Вот третий раз, с очень небольшими промежутками, приходится здесь выступать, и я не боюсь сразу сказать, что приходится третий раз выступать с отчетливо положительной оценкой фильма.
Я сейчас разговаривал с целым рядом товарищей, слушал целый ряд замечаний, и у меня создалось впечатление, что есть люди, которым нравится эта картина, есть люди, которые отрицательно относятся к картине в целом. Но мне хотелось-бы сейчас, может быть в порядке возражения этим людям, которые говорили мне целый ряд отрицательных вещей, которые увидели в картине, мне хотелось-бы обратить внимание на следующее.

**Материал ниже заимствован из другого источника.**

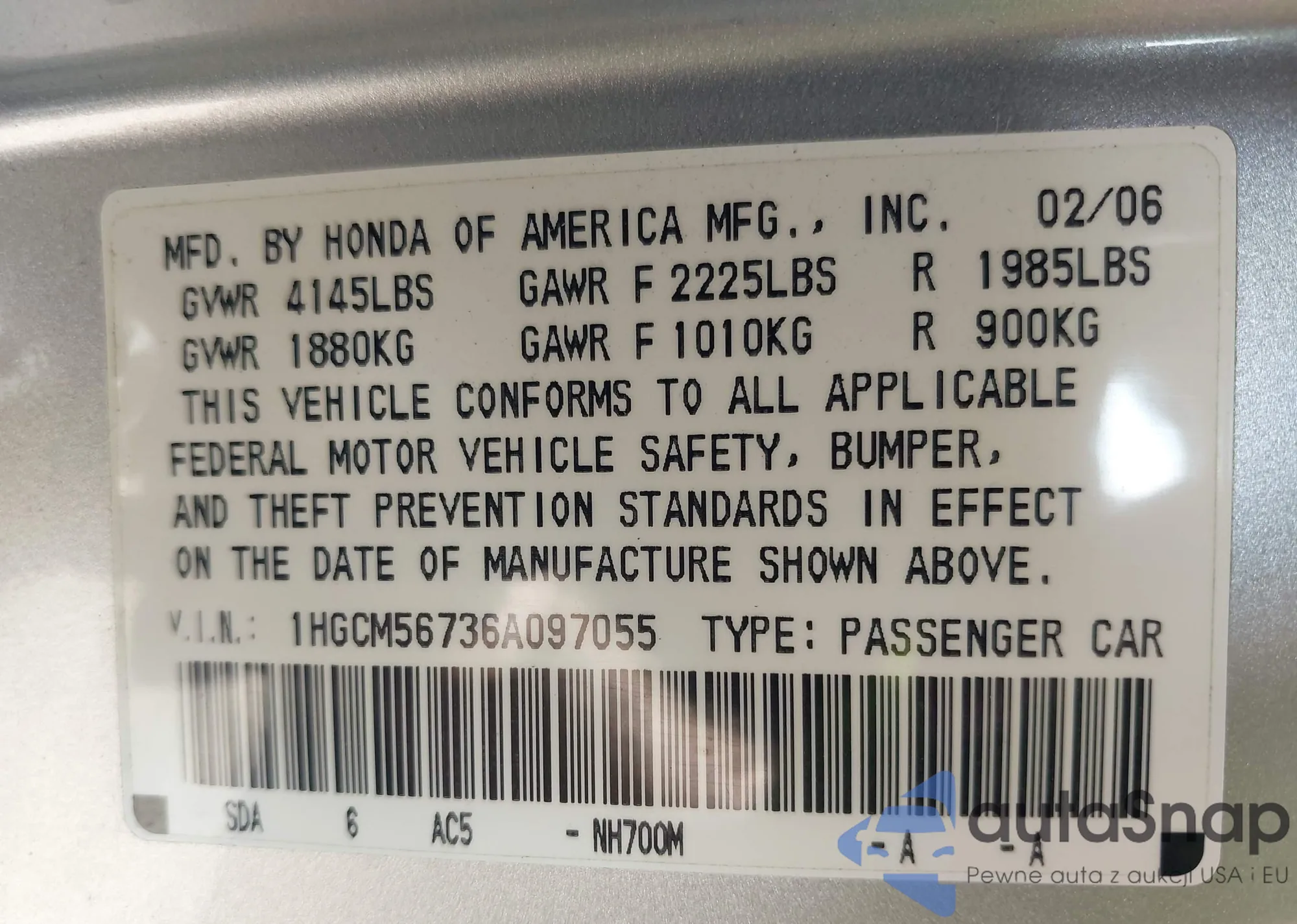 LOT: 43253072 VIN: 1HGCM56736A097055

‹…› для меня основное, положительное в этой картине это то, что эта картина является как-бы если не разрешением (потому-что абсолютного разрешения быть не может), то во всяком случае попыткой спешным ходом дойти к разрешению своеобразного жанра.
Что-же здесь в конце концов получилось? Вероятно, сейчас это трудно суммировать очень четко. Я хочу попробовать поделиться теми впечатлениями, которые я получил.

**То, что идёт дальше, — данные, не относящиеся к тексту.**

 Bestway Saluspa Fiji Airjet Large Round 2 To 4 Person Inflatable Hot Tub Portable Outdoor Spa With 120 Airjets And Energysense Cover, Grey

Я знал пьесу «Очная ставка»[10]. Когда я смотрел ее на сцене Камерного театра[11], с Жаровым, то я унес тяжелое и отрицательное впечатление. Сейчас мне трудно вспомнить всю ту сумму неудовольствий, которую я получил, но в общем это сводилось к ощущению посредственности, к ощущению голой детективщины с одной стороны, с другой стороны к ощущению лобово говорить, правда серьезные и глубокие вещи, но в конечном счете как-то очень поверхностно. А о картине я этого сказать не могу, несмотря на то, что она сделана на материале этой пьесы.
Что есть в картине? Это очень приятная для меня легкость изложения. Я хочу сказать легкость не в плане пустоты, облегченности, получающейся вследствие бедности содержания, нет. Я говорю именно о той легкости изложения, которая позволяет зрителю смотреть без напряжения, без затруднений, без ощущения резких скачков, переходов.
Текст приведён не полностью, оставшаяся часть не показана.